Provided data:
________
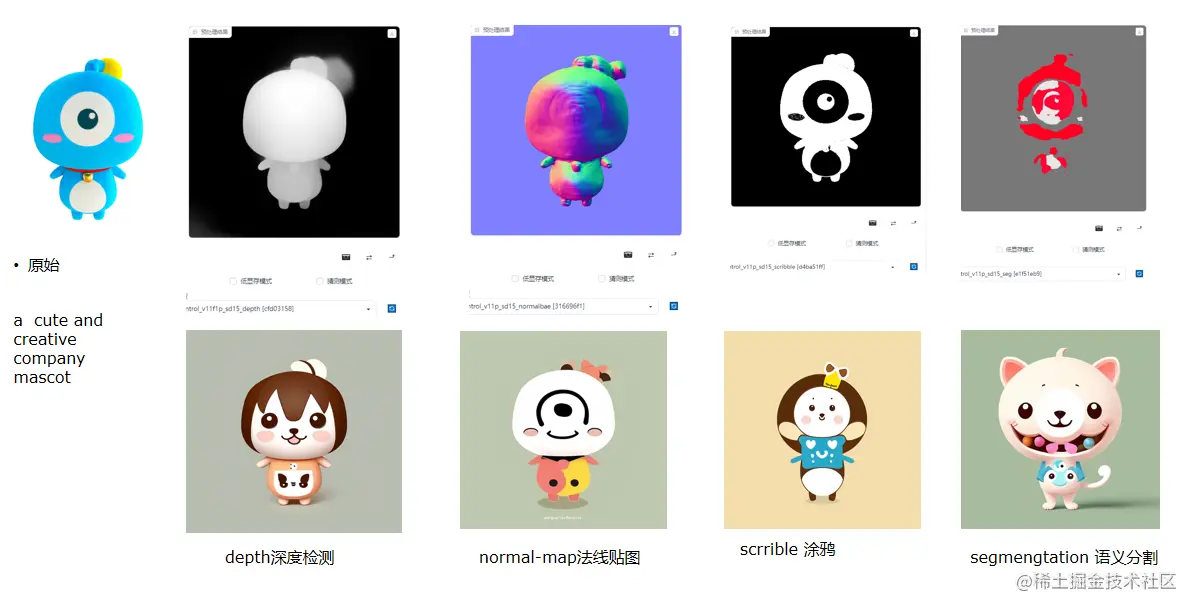 分割预处理器检测并将上传的图像分割为同一图像内的段或区域。该模型在生成一组新的图像时,将detectmap图像应用于文本提示。
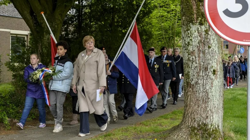 Na de lunch gingen we onder leiding van de leerkracht, mevr. Jacozien, de burgemeester, de directeur en groep 7 & 8 en hun ouders naar het monument. De kinderen liepen stil achter elkaar en zo vormde wij een grote groep.
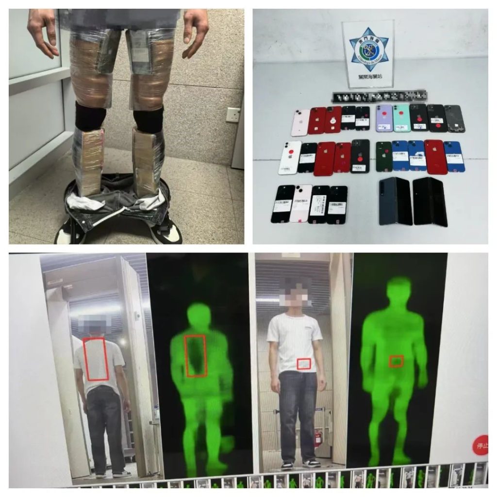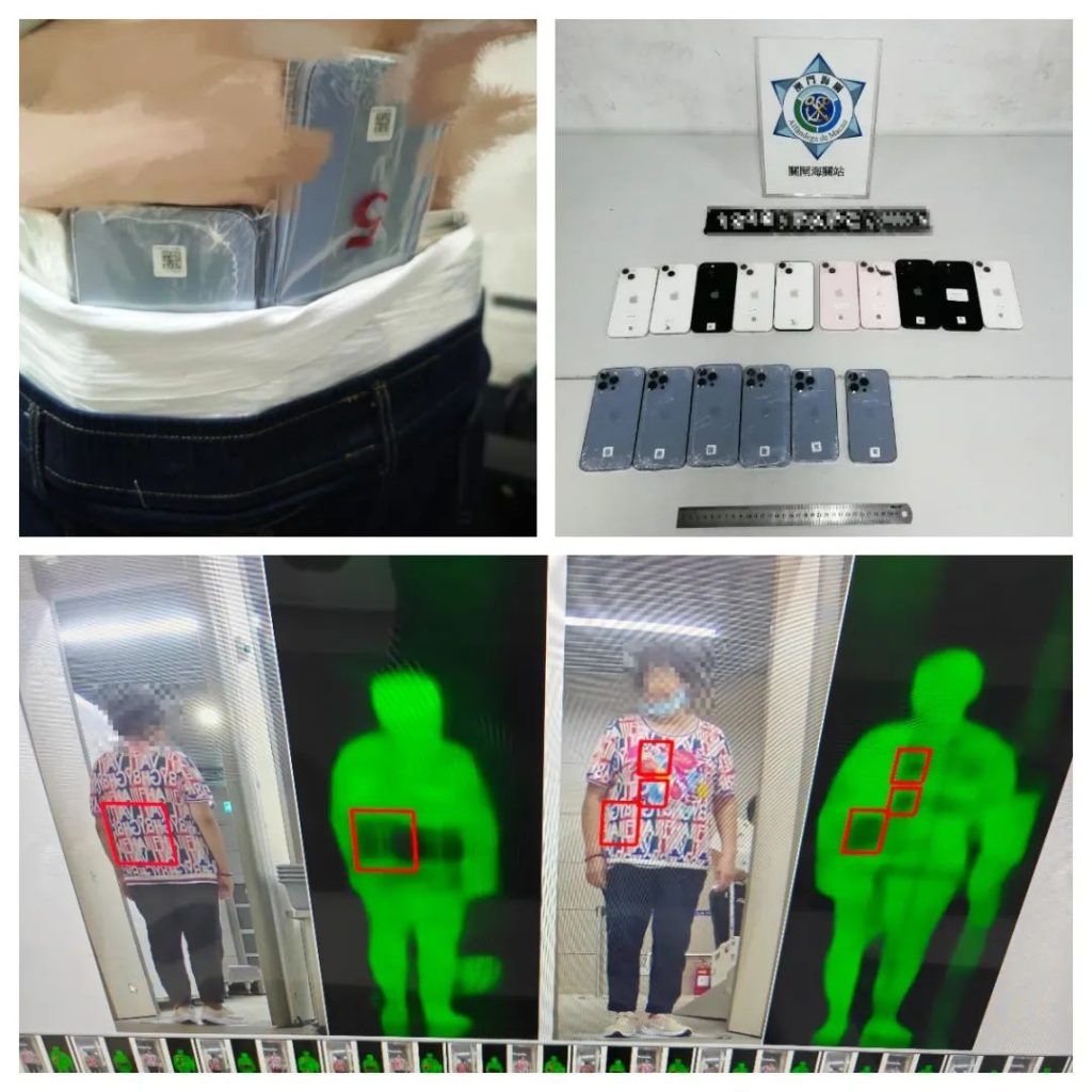 Em 25 de Julho, o pessoal alfandegário encontrou um indivíduo do sexo masculino que apresentava uma postura anormal ao caminhar e suspeitas de esconderem mercadorias na área de inspecção de passageiros de saída do Posto Fronteiriço das Portas do Cerco. Após uma inspecção detalhada, foi descoberto que o indivíduo tinha amarrado na perna 26 telemóveis usados, tentando contrabandeá-los para fora de Macau.
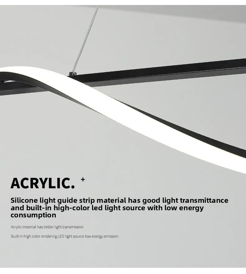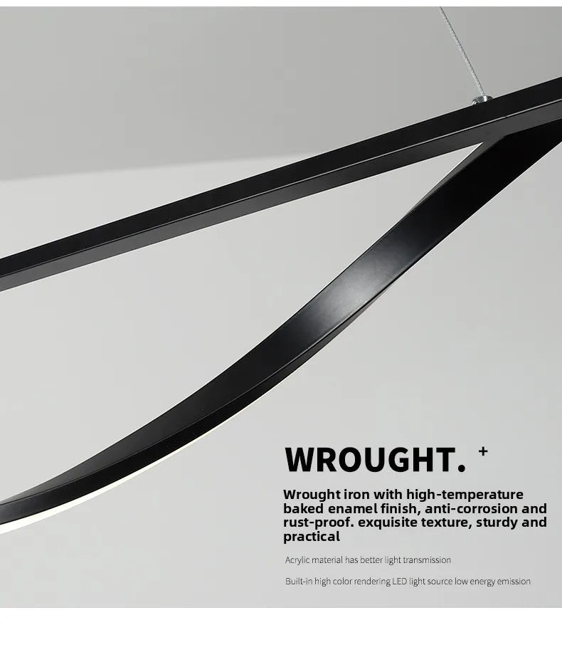 En elegant och konstnärligt böjd taklampa med nordisk touch, perfekt för långa matbord, restauranger, hotellrum eller moderna hem. Den minimalistiska formen kombinerar funktion med stil.
________
Aim of the task:
The reply must hold every line above exactly as written and none of the pictures.

Final answer:
 分割预处理器检测并将上传的图像分割为同一图像内的段或区域。该模型在生成一组新的图像时,将detectmap图像应用于文本提示。
 Na de lunch gingen we onder leiding van de leerkracht, mevr. Jacozien, de burgemeester, de directeur en groep 7 & 8 en hun ouders naar het monument. De kinderen liepen stil achter elkaar en zo vormde wij een grote groep.
 Em 25 de Julho, o pessoal alfandegário encontrou um indivíduo do sexo masculino que apresentava uma postura anormal ao caminhar e suspeitas de esconderem mercadorias na área de inspecção de passageiros de saída do Posto Fronteiriço das Portas do Cerco. Após uma inspecção detalhada, foi descoberto que o indivíduo tinha amarrado na perna 26 telemóveis usados, tentando contrabandeá-los para fora de Macau.
 En elegant och konstnärligt böjd taklampa med nordisk touch, perfekt för långa matbord, restauranger, hotellrum eller moderna hem. Den minimalistiska formen kombinerar funktion med stil.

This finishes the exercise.